La guerre en Ukraine fait partie d’un ordre mondial où l’État de droit a été abandonné au profit d’une guerre agressive et préventive, un acte d’agression criminel. Ces guerres amènent avec elles des sites noirs, des enlèvements, des tortures, des assassinats ciblés, la censure et des détentions arbitraires. Des entrepreneurs privés voyous, ainsi que des unités paramilitaires secrètes du renseignement, commettent des crimes de guerre officieux. Le groupe russe Wagner (le nom Wagner est censé être l’indicatif d’appel de son fondateur et commandant, un ancien officier du GRU appelé Dmitry Utkin, qui aurait des insignes Waffen-SS tatoués sur ses clavicules) ou le groupe de mercenaires américains Academi, fondé par le chrétien Le chef de droite Erik Prince, fonctionne comme un peu plus que des escadrons de la mort.

La guerre est une forme spectaculaire de contrôle social. Il garantit un consentement de masse aveugle et inconditionnel soutenu par ce que Pankaj Mishra appelle un « média d’infodivertissement » qui « conduit les citoyens à un état de patriotisme paranoïaque », tandis qu' »une classe de services d’intellectuels parle de la révolution américaine et de l’ordre libéral international ». .”

Dans La revue des livres de Londres, Mishra a écrit:

L’humiliation en Irak et en Afghanistan, et chez nous par Trump, a démoralisé les exportateurs de démocratie et de capitalisme. Mais les atrocités de Poutine en Ukraine leur ont maintenant donné l’occasion de redonner à l’Amérique sa grandeur. L’ours russe a longtemps garanti, de manière plus fiable que «l’islamofascisme» ou la Chine, des revenus et une identité à de nombreuses personnes dans le complexe militaro-industriel et intellectuel-industriel. Unestablishment centriste vieillissant – malmené par l’extrême droite, harangué par les jeunes gauchistes post-Occupy et post-BLM, frustré par l’impasse législative à Washington – semble soudain galvanisé par la perspective de se définir à travers une nouvelle guerre froide.

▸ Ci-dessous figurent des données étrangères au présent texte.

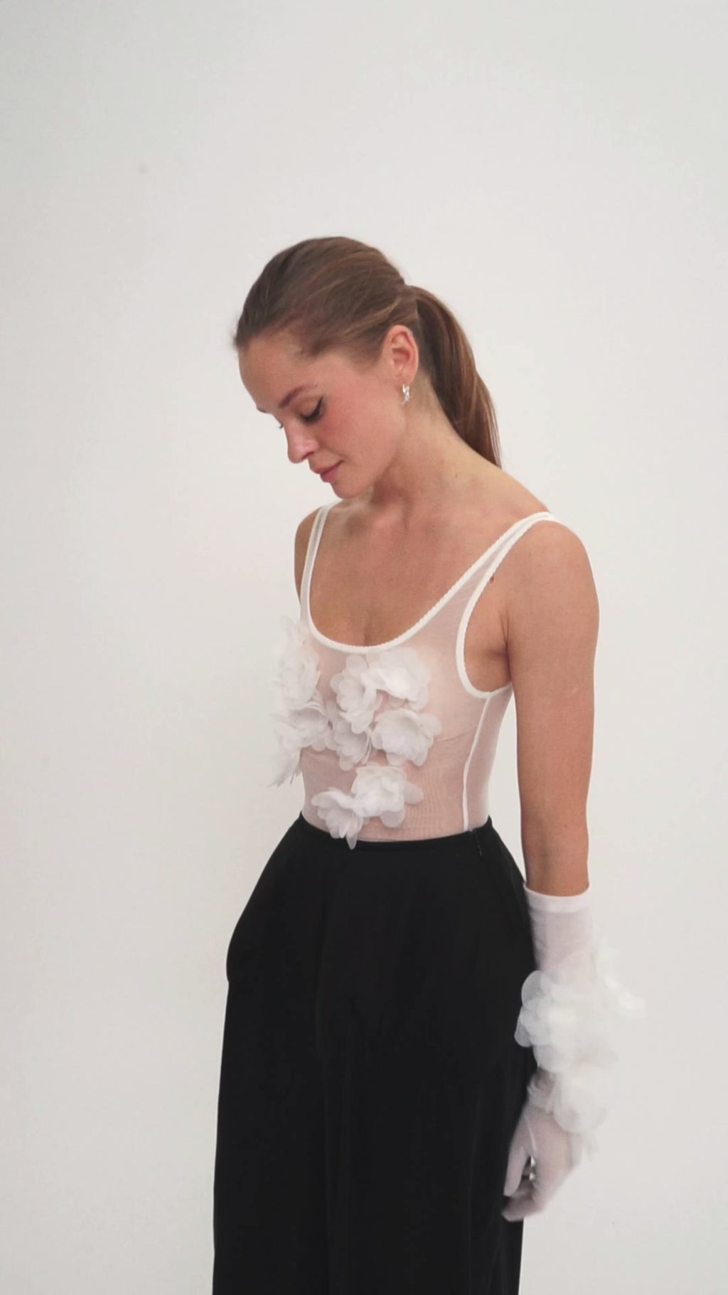 Боді з органзи оздоблене 3D квітами-півонії, що символізують красу жіночої природи. Пелюстки створюються в знаковій техніці laser cut та дбайливо фіксуються вручну, формуючи виріб із кутюрним характером. Боді PASKAL Peony додає легкості та ультрафемінності в образи для особливих подій, вечірок і моментів, коли просто хочеться квітнути.
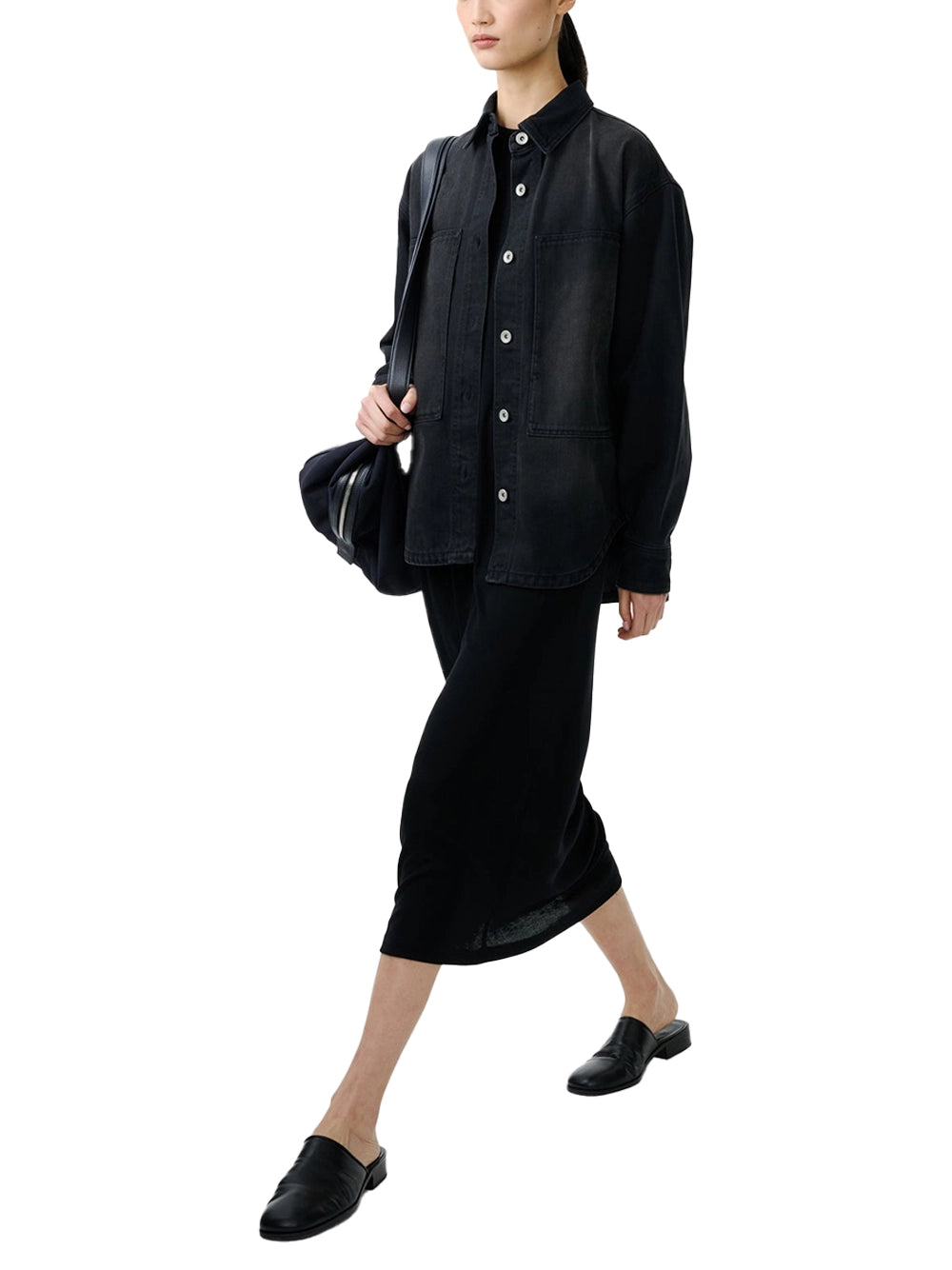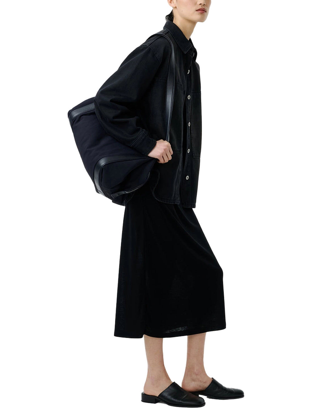 Studio Nicholson Milner Dress Black-with model Studio Nicholson Milner Dress Black-with model

Ce monde imaginaire est alimenté par des mythes – le mythe selon lequel les peuples d’Afghanistan et d’Irak nous accueilleraient en libérateurs, que l’Ukraine n’est pas une vraie nation, que les Ukrainiens se considèrent comme des panrusses, que tout ce qui se dresse entre les Irakiens, les Afghans, Les Syriens, les Somaliens, les Yéménites et les Libyens et nous-mêmes sommes des terroristes, que tout ce qui se dresse entre Poutine et les Ukrainiens, ce sont les néo-nazis et leurs partisans en Occident.

Ceux qui défient ces fantasmes, que ce soit en Russie ou aux États-Unis, sont attaqués, marginalisés et censurés. Peu de préavis. Le rêve est plus attrayant que la réalité. Pas à pas, ces cyclopes de guerre aveuglés et ensanglantés trébuchent en laissant des tas de cadavres dans leur sillage.